Только Любовь Петровна искренне сочувствовала тебе. Но что она, сама ещё девочка, могла сделать? Она только могла жалеть и любить тебя.
– Откровенно говоря, то, что здесь готовят, есть невозможно. Я сама только чай пью, да и тот бывает прокисшим… – призналась мне она. – Старайтесь его получше кормить дома, утром и вечером.
– Так он и дома перестал есть. У него какое-то отвращение к еде. Не знаю, что делать… Скажите, а как же другие дети?
– Эти? Они к нам все из яслей пришли, они привычные… Но Антоша, боюсь, не сможет привыкнуть. И дело не только в еде… Просто он из другого мира. Он – другой. Дети не принимают его. Как всякое стадо изгоняет чужака, так и они. Они его бьют, вы знаете? И не только мальчишки…
– Знаю… Но что же нам делать?
– Когда моё дежурство, я стараюсь его возле себя держать. Он мне помогает. Мы разговариваем. Или сажаю его перед группой и прошу почитать или рассказать что-нибудь. Дети его слушают, раскрыв рты. Но стоит отвернуться или выйти из комнаты, тут же начинают бить…
Мы стоим возле беседки и смотрим, как дети граблями сгребают листья на участке, собирают сухие ветки и сносят их в костер. Горький дым стелется по двору, щиплет глаза…
– Я вам советую: забирайте его отсюда. Недетсадовский он у вас…
Я готовила ужин, ты играл в комнате, но вскоре заглянул ко мне и с лукавой улыбкой спросил:
– А когда ты меня опять в угол поставишь? Мне понравилось в углу стоять.
(После первого своего стояния в углу ты поставил там скамеечку и сложил на неё свои любимые книжки: «Астрономию», «Насекомые СССР», Маршака, Чуковского, Андерсена… Таким образом устроив себе маленькую библиотеку – «читальный угол», как говоришь ты).
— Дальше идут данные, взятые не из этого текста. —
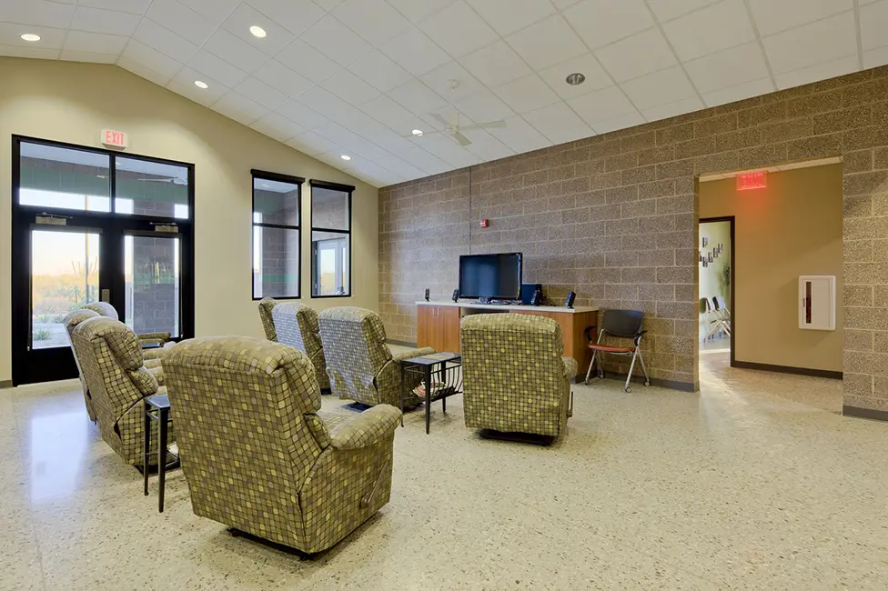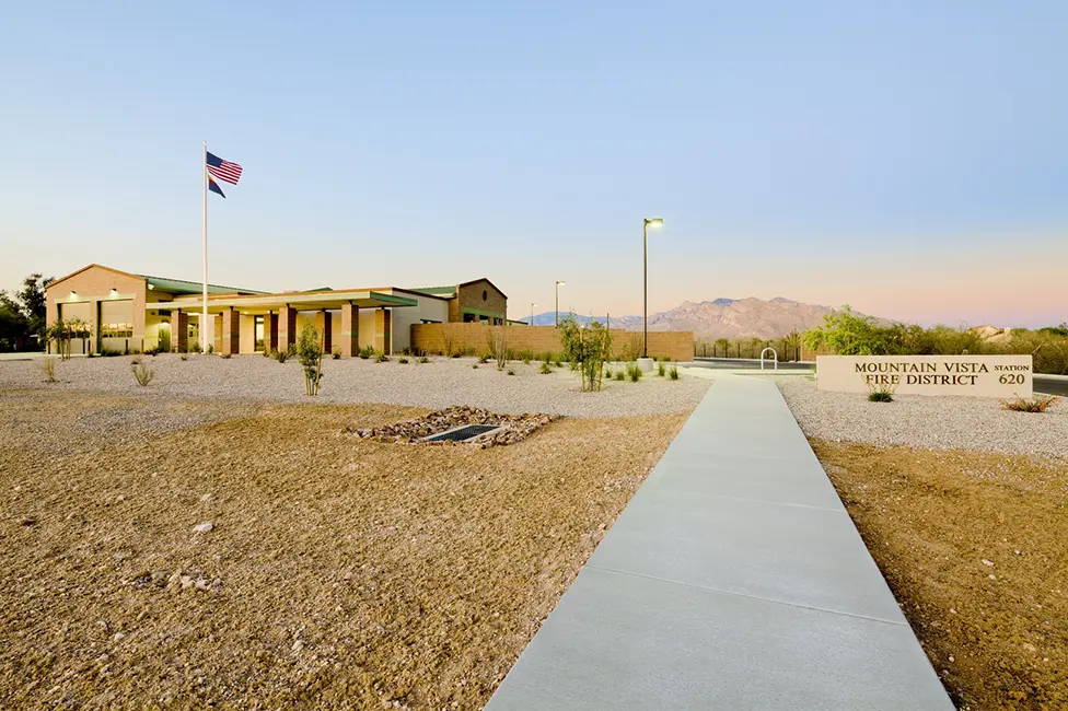 This is the first station completed for the new Mountain Vista Fire District. Station No. 620 includes 11 bunk rooms, a fitness room, dayroom, kitchen, decontamination area, turnout gear room, SCBA/hose storage, and two full apparatus bays plus a half bay for an ambulance. The design includes ground concrete floors, masonry construction, a solar hot water system, and solartube skylights. The station is designed and built to have a long life span and to accommodate a future apparatus bay.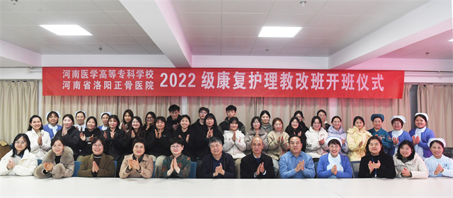 他講到,去年我們?cè)诳偨Y(jié)護(hù)理康復(fù)人才訂單培養(yǎng)經(jīng)驗(yàn)的基礎(chǔ)上,啟動(dòng)實(shí)施現(xiàn)代學(xué)徒制人才培養(yǎng)模式,全面落實(shí)“雙元”育人,著力培養(yǎng)學(xué)生的職業(yè)精神、專業(yè)技能、創(chuàng)新創(chuàng)業(yè)能力,促進(jìn)學(xué)生全面發(fā)展,進(jìn)一步提升了產(chǎn)教深度融合的育人格局。他建議,校院雙方聯(lián)合成立試點(diǎn)班教師教學(xué)創(chuàng)新團(tuán)隊(duì),總結(jié)16年來(lái)聯(lián)合開展護(hù)理康復(fù)人才培養(yǎng)經(jīng)驗(yàn),探討中醫(yī)適宜技術(shù)賦能護(hù)理人才培養(yǎng)的路徑和方案,推動(dòng)護(hù)理康復(fù)人才向養(yǎng)老產(chǎn)業(yè)轉(zhuǎn)型發(fā)展。他希望試點(diǎn)班的全體學(xué)員,一是要用心體會(huì)。學(xué)校和醫(yī)院為了同學(xué)們的成長(zhǎng)成才,投入了大量的人力和物力,同學(xué)們要用心體會(huì)學(xué)校和醫(yī)院的良苦用心,從思想上重視,倍加珍惜來(lái)之不易的學(xué)習(xí)提升機(jī)會(huì),努力完成各項(xiàng)學(xué)習(xí)任務(wù)。二是要用心感受。洛陽(yáng)正骨醫(yī)院始于平樂郭氏正骨的“洛陽(yáng)正骨”,創(chuàng)立于清朝乾隆年間,距今已有220多年歷史。河南省洛陽(yáng)正骨醫(yī)院用220多年的文化脈絡(luò)傳承、56年的現(xiàn)代化中醫(yī)專科醫(yī)院建設(shè),打造出“洛陽(yáng)正骨”品牌,請(qǐng)同學(xué)們?cè)跇I(yè)余時(shí)間學(xué)習(xí)醫(yī)院發(fā)展歷史,感受洛陽(yáng)正骨文化,盡快融入環(huán)境,接受熏陶。三是要健康成長(zhǎng)。同學(xué)們要珍惜每一次聽課、見習(xí)的機(jī)會(huì),努力做到多思考、多提問、多學(xué)習(xí)、多實(shí)踐、多總結(jié),在實(shí)踐中培養(yǎng)自己的協(xié)作、溝通、創(chuàng)新能力,在知識(shí)和技能上全面提升,在心理上盡快成熟成長(zhǎng)。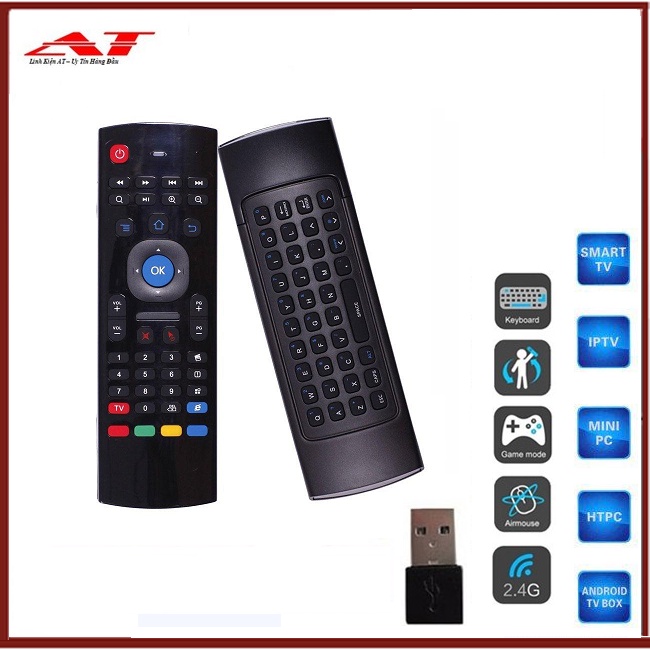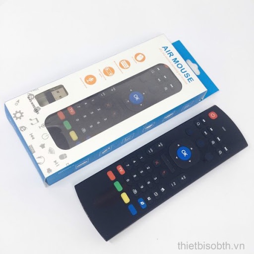 Air Mouse hoạt động dựa trên sóng Wireless với việc kết nối từ điều khiển đến một đầu cắm dạng USB với Box Android.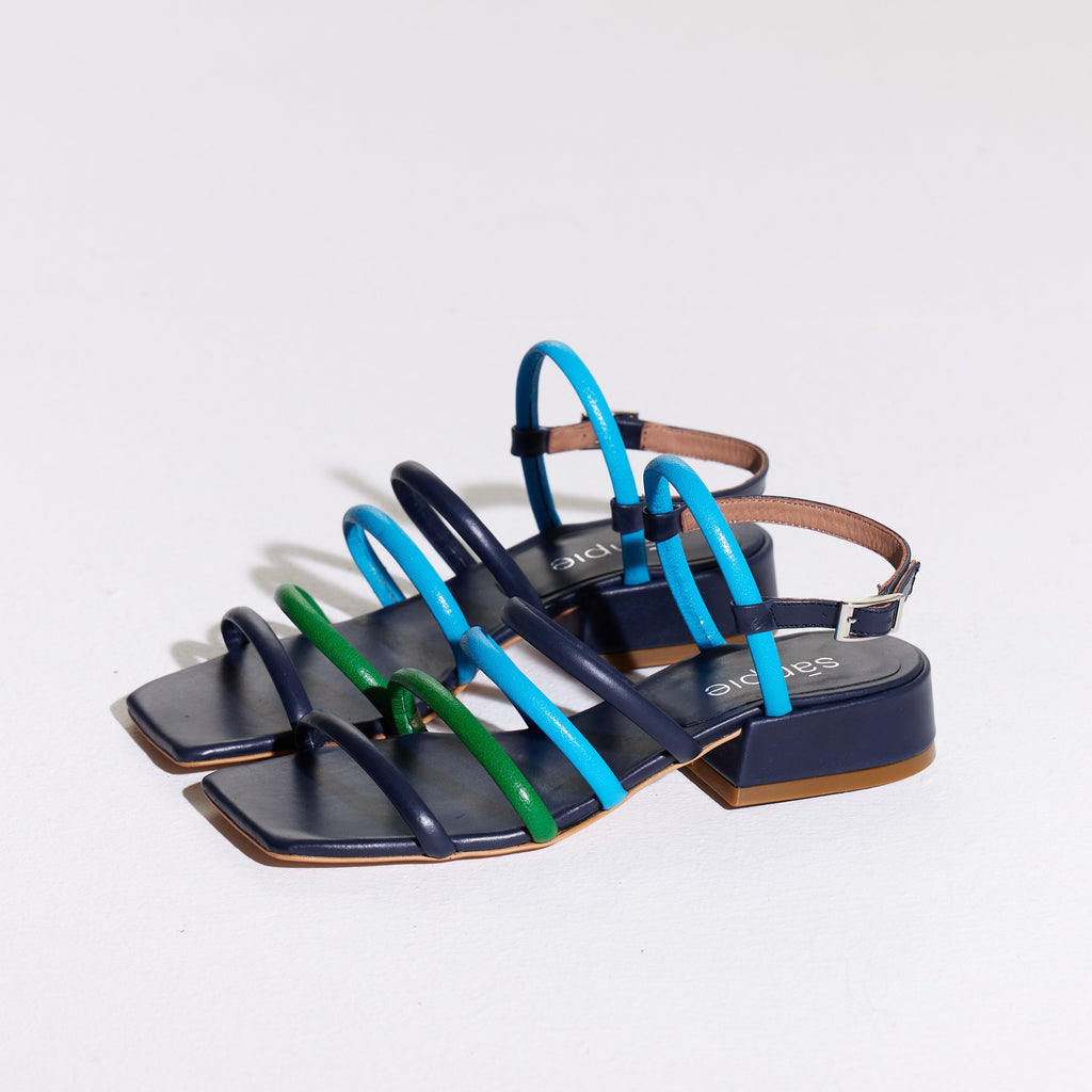 Minimalista y moderna: esta sandalia es el equilibrio perfecto entre elegancia y diseño contemporáneo. Con una combinación única de tiras zules y verdes, aporta un toque sofisticado y versátil que realza cualquier look —desde un jean recto hasta un vestido de verano.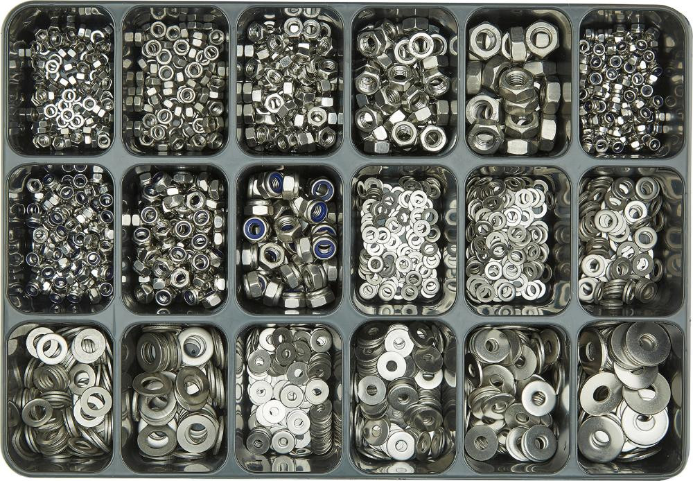 • 1525-teiliges Edelstahl A2-Sortiment: Muttern, DIN 934; Sicherungsmuttern, DIN 985 und Scheiben, DIN 125 + DIN 9021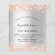 For an elegant 21th (or any age) birthday party. A faux silver looking background. Decorated with rose gold confetti. Personalise and add a name and party details. The name is written with a hand lettered style script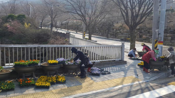 봄을 맞이하여 창녕읍 여성단체 회원 등 20여명이 참여해 오리정 사거리 등 창녕읍 시가지내 도로변에 있는 꽃 화분과 화단에 금잔화, 팬지, 비올라 등 봄꽃 13,500여본을 심었다.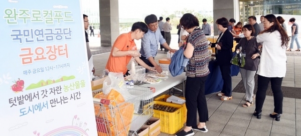 국민연금 지역농산물 직거래장터는 매주 금요일 낮 12시부터 오후 6시까지 운영한다.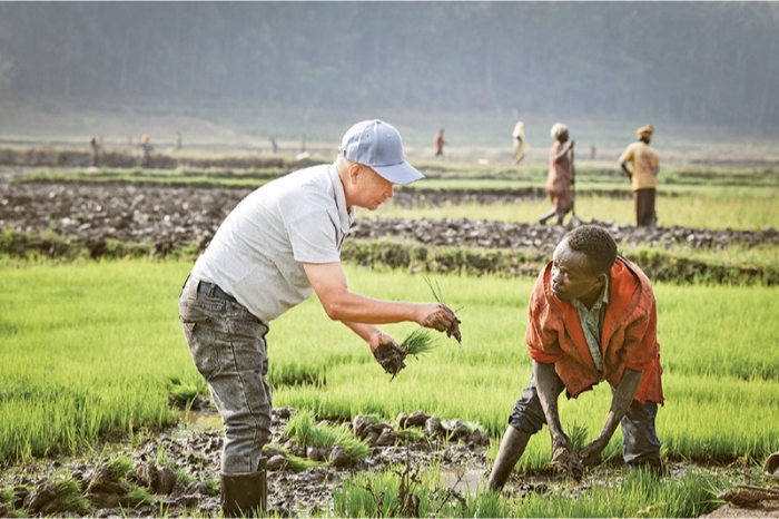 近年来,中非农业合作不断深化,中国农作物品种和农科技术正跨越山海,在非洲大陆生根发芽,把沃土变良田。图为2024年8月14日,在卢旺达南方省胡耶区的中国援卢旺达农业技术示范中心,中国水稻专家在稻田里指导当地稻农进行秧苗移栽。 新华社记者 韩旭/摄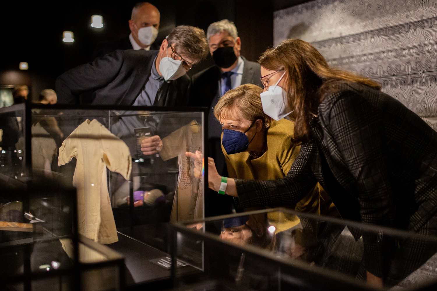 Bundeskanzlerin Angela Merkel hat sich heute (4. November 2021) mit einem Besuch im Deutschen Auswandererhaus Bremerhaven (DAH) vom Land Bremen und dem Bremer Senat verabschiedet. Sie traf dabei mit Vertreterinnen und Vertretern des politischen und wissenschaftlichen Lebens in Bremerhaven und Bremen zusammen. Nach einer Führung zusammen mit Bürgermeister Andreas Bovenschulte durch das DAH durch dessen geschäftsführende Direktorin, Dr. Simone Blaschka, sowie den Architekten des Auswandererhauses, Andreas Heller, traf die Kanzlerin sich noch zu einem Gespräch, an dem neben Bovenschulte und Blasckka auch Häfen- und Wissenschaftssenatorin Claudia Schilling, Bremerhavens Oberbürgermeister Melf Grantz, Prof. Dr. Antje Boetius (Direktorin Alfred-Wegener-Institut) und Arne Dunker (Geschäftsführer Klimahaus Bremerhaven) teilnahmen. Zu Beginn ihres Besuchs hatte die Bundeskanzlerin sich in das Goldene Buch Bremerhavens sowie das Gästebuch des Deutschen Auswandererhauses eingetragen.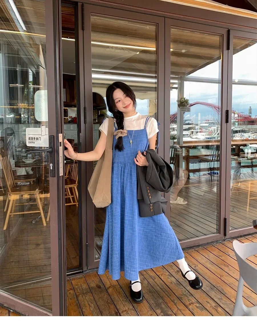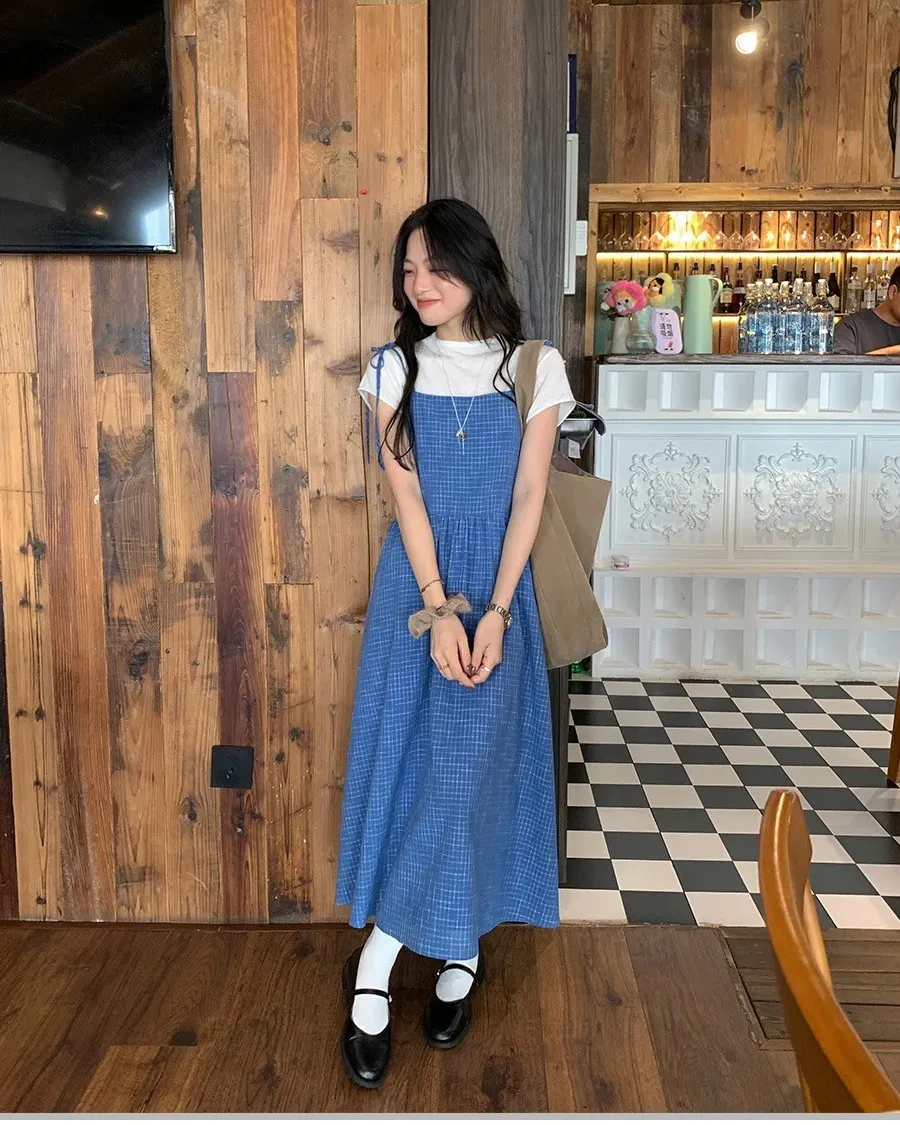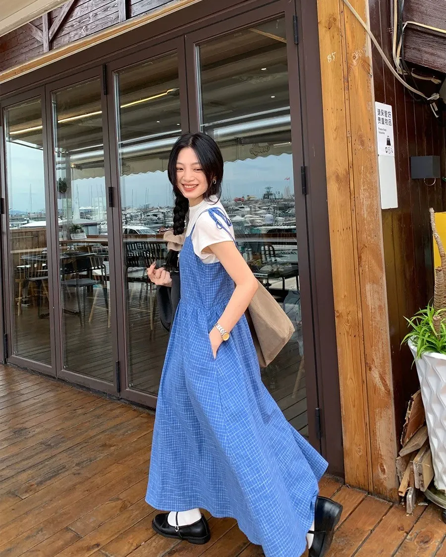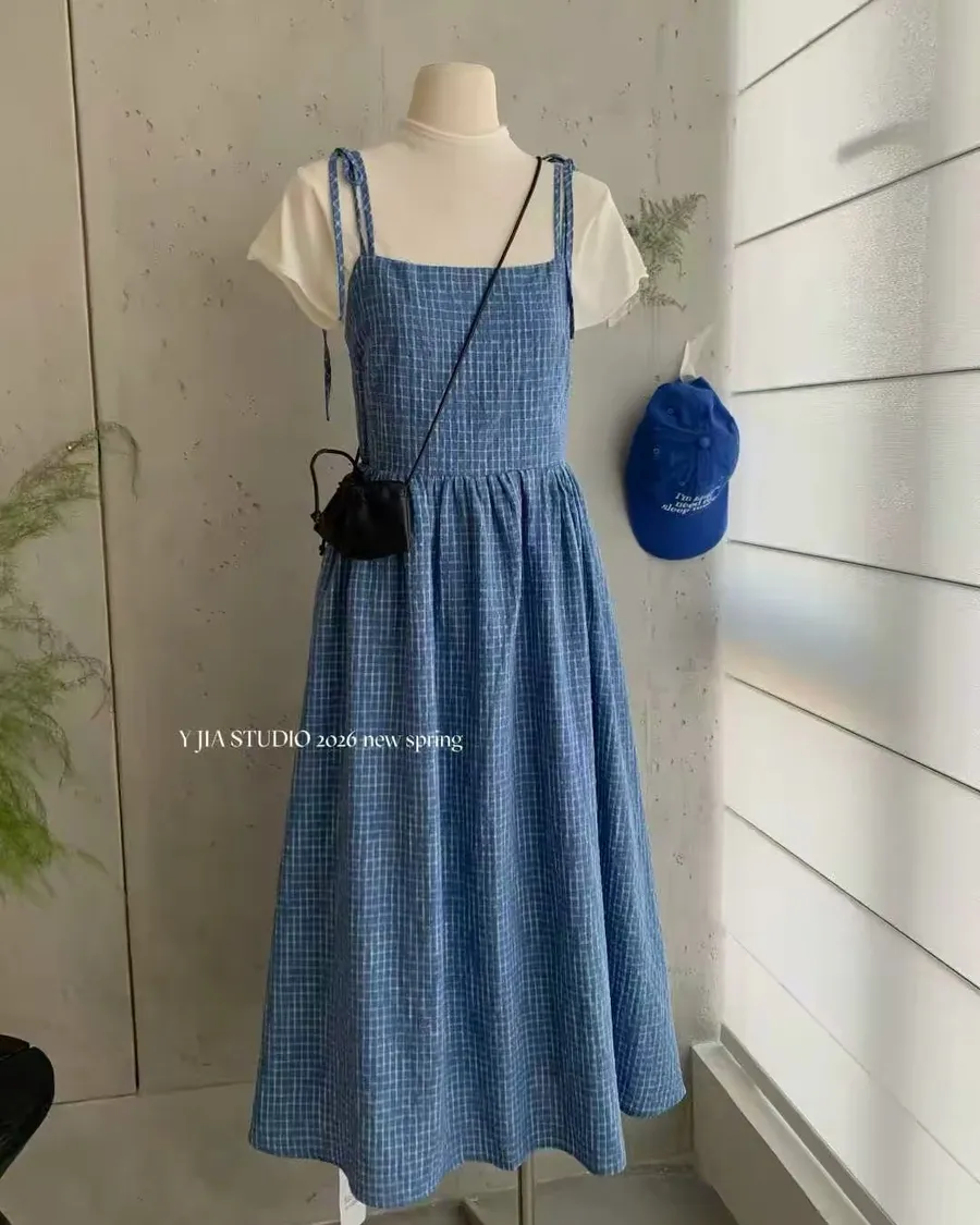 渡假休閒風格子吊帶綁帶洋裝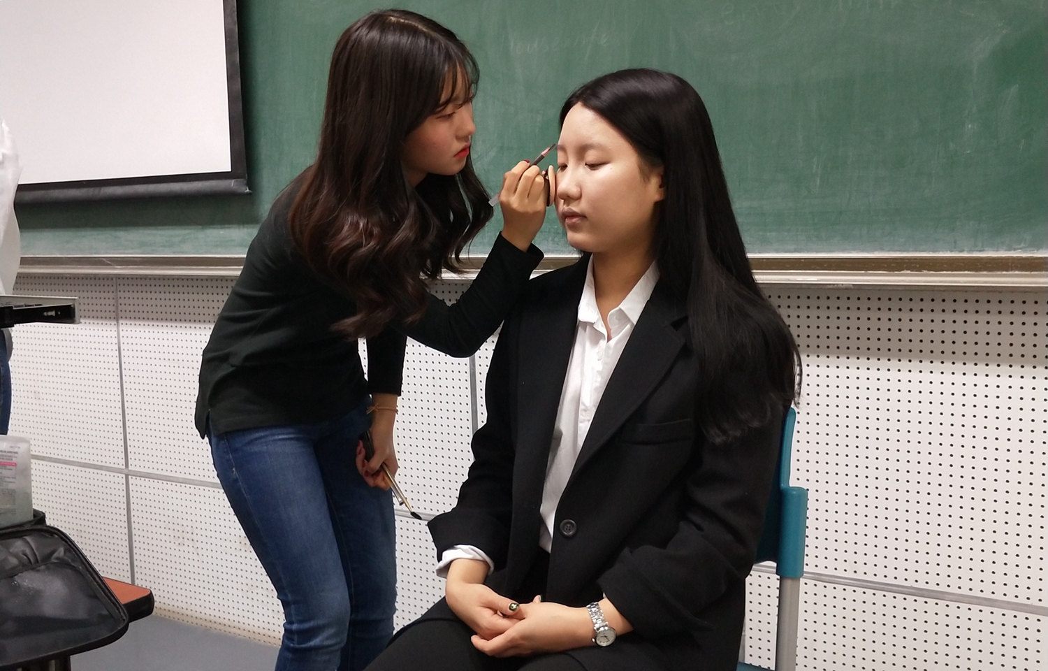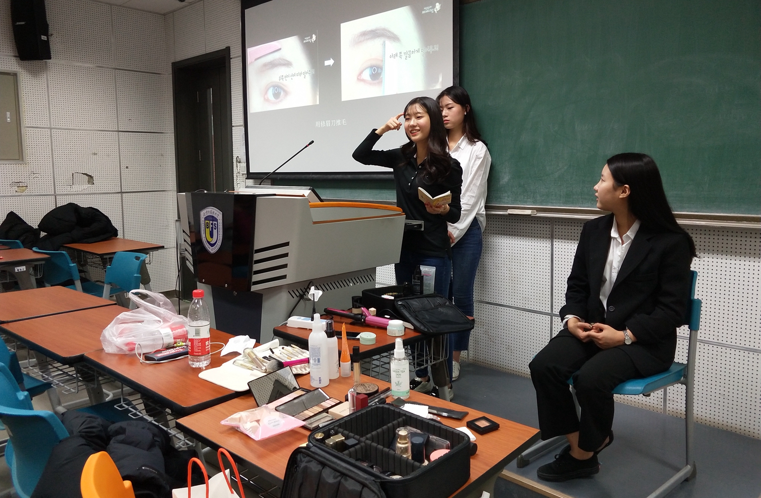 本次讲座邀请了两位韩国又松大学形象设计专业学生尹成湖和呉昇眞作为主讲人,分别对职场妆容和发型设计进行讲解与示范。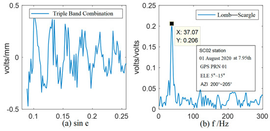 Periodic diagram (a) The triple-frequency combined-phase observation and (b) the Lomb-Scargle spectrum; sin e is the sinusoidal value of the satellite altitude angle e.

За ужином пересказываешь мне «Свинопаса» Андерсена. И горько заключаешь:
– Хорошо началось, грустно кончилось. Принцессу выгнали, когда она доцеловывала восемьдесят седьмой поцелуй…
И осторожно допытываешься у меня:
– Всё ж таки, наверное, король посердится-посердится, а потом пустит её домой, а? Всё ж таки жалко…
И – грустное философическое заключение:
– Вот так всегда. Что хорошо начинается, плохо кончается…
– Но ведь не всегда, Антоша, ведь не всегда! А наша с тобой жизнь?
– Когда не было этого невкусного садика, было лучше.
* * *
И вот настал день, когда ты категорично заявил: «Больше я в сад не пойду!»
Шел и плакал.
– Сынок, мне опять нужно ехать по делам… А тебе привыкать. Ведь если я найду работу, я буду уезжать каждый день, утром уезжать, а вечером возвращаться.
– Я лучше один дома сидеть буду!
– А кто тебя покормит? Кто с тобой погуляет?
Отчаянье залило твоё лицо.
– Крепись, милый. У всех мамы работают, а все дети ходят в сад.
Давай привыкать. Только не плачь, ладно? Ведь ты мужчина. Маленький, но мужчина. Если ты будешь плакать, я тоже заплачу…
– Ладно… – прошептал ты. – Только приходи за мной пораньше!
Твое лицо в окне второго этажа, залитое слезами…
С каждым днём, расставаясь со мной, ты плачешь всё горше, всё неудержимее.
Я давно уже не верю, что ты сможешь привыкнуть: к «сереньким помоям с мусоринками», к щелчкам и пинкам, к шуму, от которого у тебя к вечеру болит голова, к скучным математическим занятиям, на которых тебе нечего делать, к невозможности отдохнуть днём, во время дневного сна, к угрожающим «шуткам» Евдокии Васильевны… И твой прощальный взгляд, устремленный мне вслед, исполнен такого недетского страдания, такой тоски, словно мы расстаемся навеки.
Господи, как жить? Что делать?…
В тот день я предприняла последнюю попытку. Я вошла в тёмное, угрюмое, с узкими окнами здание Архива. Больше идти было некуда. И ждать нечего. За два последние месяца я не получила на рецензию ни одной рукописи. Только равнодушно-вежливое: «Звоните завтра». Нет, мне не отказывали. Но, между тем, работы всю осень не было. Наши крошечные сбережения (аванс за сборник стихов, который выйдет неизвестно когда) подошли к концу, как мы ни старались их протянуть. Влезать в долги мы с тобой не любили, потому что отдавать было нечем. Лучше вовсе не брать. Опять просить у мамы – невмоготу… Как жить дальше?
Я вошла в тёмное, угрюмое здание с узкими окнами, где в коридорах стоял затхлый, невыветриваемый запах старых бумаг, пришла просить любую работу.
Начальница отдела кадров, взглянув на мой диплом, удивилась:
– А почему к нам? Вам, с вашим образованием…
– Я пыталась.
– Ну, что ж… Могу предложить вам место архивариуса второй категории.
– Что мне придётся делать?
– О, ничего сложного! Расстановка карточек каталога по алфавиту.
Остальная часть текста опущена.